3.4.2. Furthermore, as a premise for an argument alleging obviousness the allegation (iv) harbours a petitio principii in the word 'useful': it presupposes that the person skilled in the art of proximity switches would proleptically recognise the solution to his unformulated (!) problem in the relatively distant technical field of oscillators for telephone instruments. It thus fails to give due weight to the aspect of the transfer between the two fields which was emphasised in the preconclusory paragraph 3.6 of T 317/94, viz that it was necessary both to modify the proximity switch known from the closest prior art D1 and to modify the teaching of D2 in relation to tone generator frequency trimming to effect the transfer.

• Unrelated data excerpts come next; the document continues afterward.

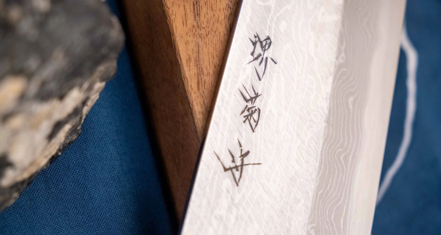 The front surface of the blade is adorned with a hand-chiseled kanji, while the uraoshi side bears the mark of the core steel and a wavy line denoting the border between the hagane and jigane. This cladding line can only be done by an experienced blacksmith.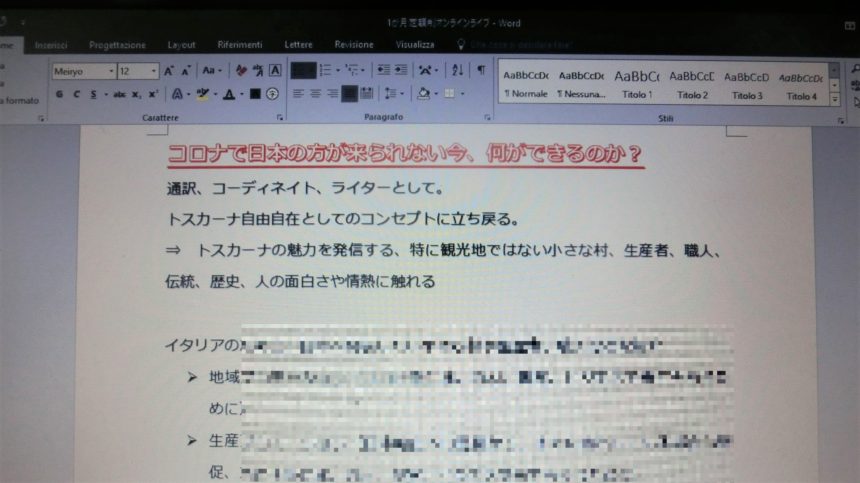 残念ながら、コロナもまだまだ収束しそうにない。日本の方に来ていただける日はまだまだ遠い。私もライターやリサーチなどで細々と仕事をしていますが、やっぱり、リアルというか、人と触れ合うというか、そういう仕事が好きなんですね。もちろん日本からは来られないので全くのリアルではないのですが、オンラインで何かやりたいと思っています。有料になりますが、その分しっかりと計画を立てて、イタリアの組織や人も巻き込んで。私はガイドではないので、いわゆる「オンライン観光ツアー」ではなく、トスカーナ自由自在の原点にしっかりと足をつけたコンテンツにしたい・・・近々ご紹介できると思いますので、気になる方は楽しみにしていてください!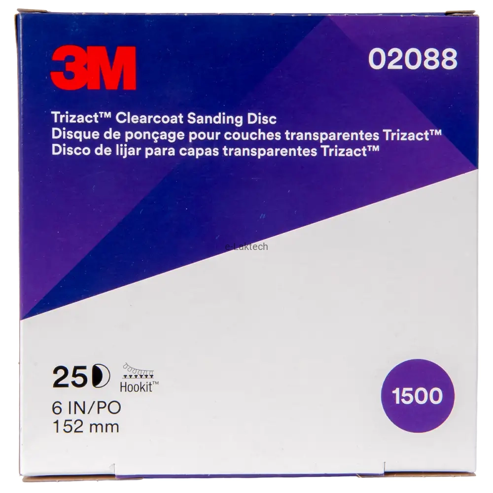 Krążki ścierne 3M™ Trizact™ Hookit™ o gradacji P1500 to idealne rozwiązanie do usuwania defektów lakieru bezbarwnego, takich jak wtrącenia czy struktura skórki pomarańczy.

Such a twofold 'consequential' adaption is easily made to appear obvious with the benefit of hindsight, when either of the two steps can be made to appear trivial when the other is taken for granted.

3.5. The view of the present board is that the opposition division has simply made a different judgement call on what were essentially the same facts, evidence and arguments which formed the basis of T 317/94. They were legally empowered to do this under the EPC but the reasons they adduced in their decision for so doing have not persuaded the board in its present composition.

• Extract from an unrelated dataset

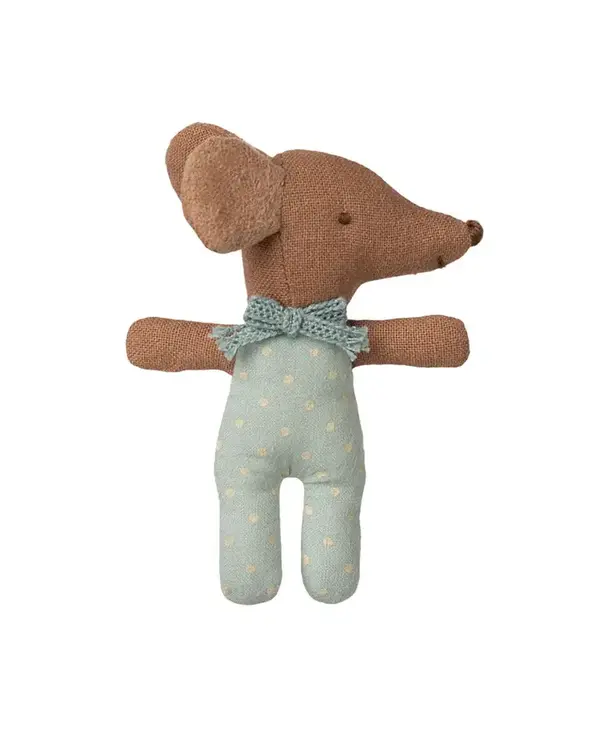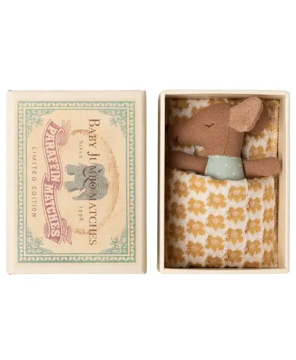 A new edition of a classic Maileg item. This mouse is ready for hours of play and sleeps tight in the little matchbox. The clothes and bedlinen are made of soft fabrics with unique prints in beautiful colours.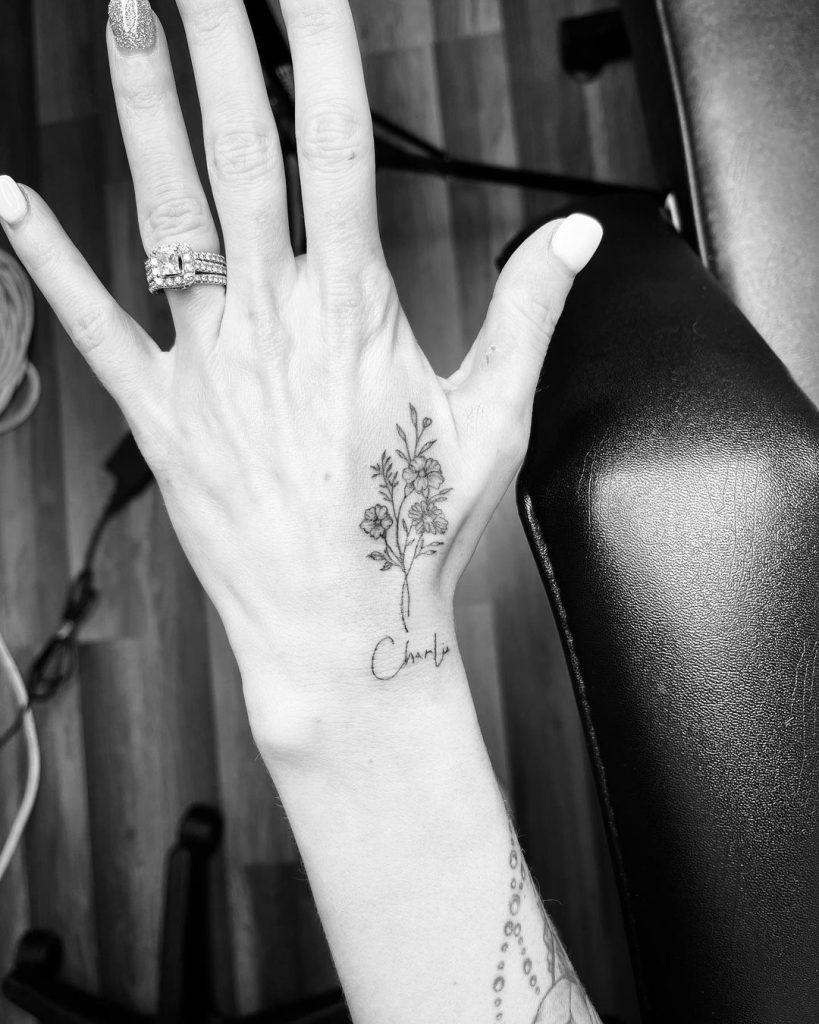This tattoo features a simple, elegant bouquet of wildflowers on the side of the wrist, with fine lines capturing each petal and leaf in soft detail. Below the flowers, the name “Charli” is written in a gentle script, adding a personal touch to the design. Perfect for someone who wants a subtle, meaningful tribute to a loved one.

4. In the view of the board the patent as granted and the invention to which it relates meet the requirements of the EPC.

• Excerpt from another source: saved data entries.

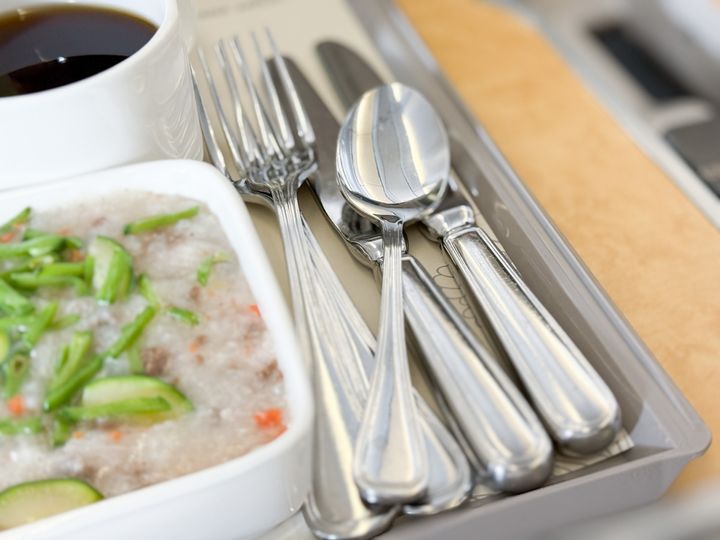 ビジネスクラスらしいしっかりとしたカトラリーも高級感があって◎。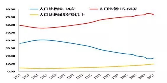 65歲以上老年人占總?cè)丝诘谋壤龔?%提升到14%,發(fā)達(dá)國(guó)家大多用了45年以上的時(shí)間。中國(guó)只用27年就可以完成這個(gè)歷程,并且將長(zhǎng)時(shí)期保持很高的遞增速度,屬于老齡化速度最快國(guó)家之列。預(yù)計(jì)到2045年左右,中國(guó)60歲以上人口將占到總?cè)丝诘?0%。該過(guò)程發(fā)達(dá)國(guó)家用了100年。圖2為1953年到2013年60年的人口比例變化情況,中國(guó)的高齡化趨勢(shì)明顯。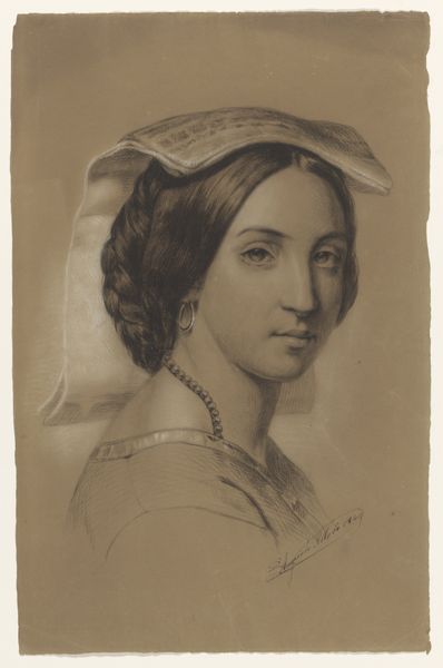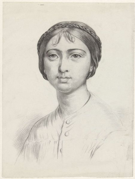 Curator: We’re looking at "Head of a Girl", a pencil drawing by George Hendrik Breitner, likely created sometime between 1867 and 1923. It resides here at the Rijksmuseum. Editor: There’s something so delicate about this. Her gaze feels incredibly direct, but also somehow wistful, as though she is about to impart a very quiet secret. It feels very intimate to me. Curator: It’s interesting that you say “intimate.” Breitner, particularly known for his paintings and photographs of bustling city life, offers us this quiet portrait that showcases his skill with a medium readily available and often associated with early stages of art production and studies, challenging conventional ideas of “high art”. Consider the economic accessibility of pencils and paper versus oil paints and canvas, especially for working-class artists or students. Editor: Absolutely! And that accessibility translates directly into the mood, doesn't it? There's an immediacy, an unpretentious quality here. The slightly smudged shading around her eyes and the loose strokes that define her hair speak to the hand of the artist, capturing not just her likeness, but a fleeting moment of introspection. One almost feels the grain of the paper... Curator: Indeed. Moreover, Breitner's choice of pencil also positions this piece within a larger discourse about labor and skill. The efficiency of drawing— its speed, relative ease of correction—suggests a mode of artistic production geared towards capturing modern life's transience and it also showcases an intimacy not found in studio practices using models. Editor: Which is so fascinating when juxtaposed against his urban scenes, no? This hints at a whole other, quieter, side to his practice. Perhaps he was developing skills, and the cityscapes are explorations of the self... She does have that air of his "muse". Curator: Precisely. And to consider the materiality, graphite itself has its history within industrial development of 19th-century— reflecting broader industrial contexts, it ties even the most seemingly private moments to processes of manufacturing and consumption. Editor: So beautifully put. This has offered so much more depth to this girl. She suddenly is sitting in our current present tense, and also fully embedded in hers. Curator: Yes. Looking closer at a piece like this forces us to reconsider hierarchies around art forms.

5. Other procedural considerations

5.1. As noted at 2.1(i) above, both opponents withdrew their oppositions prior to the taking of the decision under appeal, so that the procedure, in particular the appeal procedure, has become, definitively, an ex parte procedure; cf Schulte, Patentgesetz, 6th edition, page 980, margin number 5. One consequence of this change of procedural category is that the appeal falls to be considered for interlocutory revision by the opposition division by virtue of the wording of Article 109(1) EPC, second sentence. This is provided for on internal EPO Form 2701, but, in the present case, the form was wrongly filled in and the appeal was consequently sent by the formalities officer acting for the opposition division directly to the EPO Boards of Appeal, bypassing the procedural step prescribed by Article 109(1) EPC, viz consideration for interlocutory revision.

5.2. Since the granting of interlocutory revision in an appropriate case is mandatory (loc. cit. page 979, margin number 2), it follows a fortiori that considering a case for interlocutory revision in circumstances where the latter is possible is itself a mandatory procedural step. Since, however, the legislative purpose of Article 109 EPC is overall procedural economy, it would not make sense for the board to remit the case to the department of first instance for performance of this omitted step. In the event the board has allowed the appeal almost within the three month period allowed for consideration of interlocutory revision. Neither does the question of reimbursement of the appeal fee under Rule 67 EPC arise, since this procedural irregularity occurred subsequent to the taking of the decision under appeal and had no bearing on the appellant's need to file the appeal.

ORDER

For these reasons it is decided that:

1. The decision under appeal is set aside.

2. The patent is maintained unamended.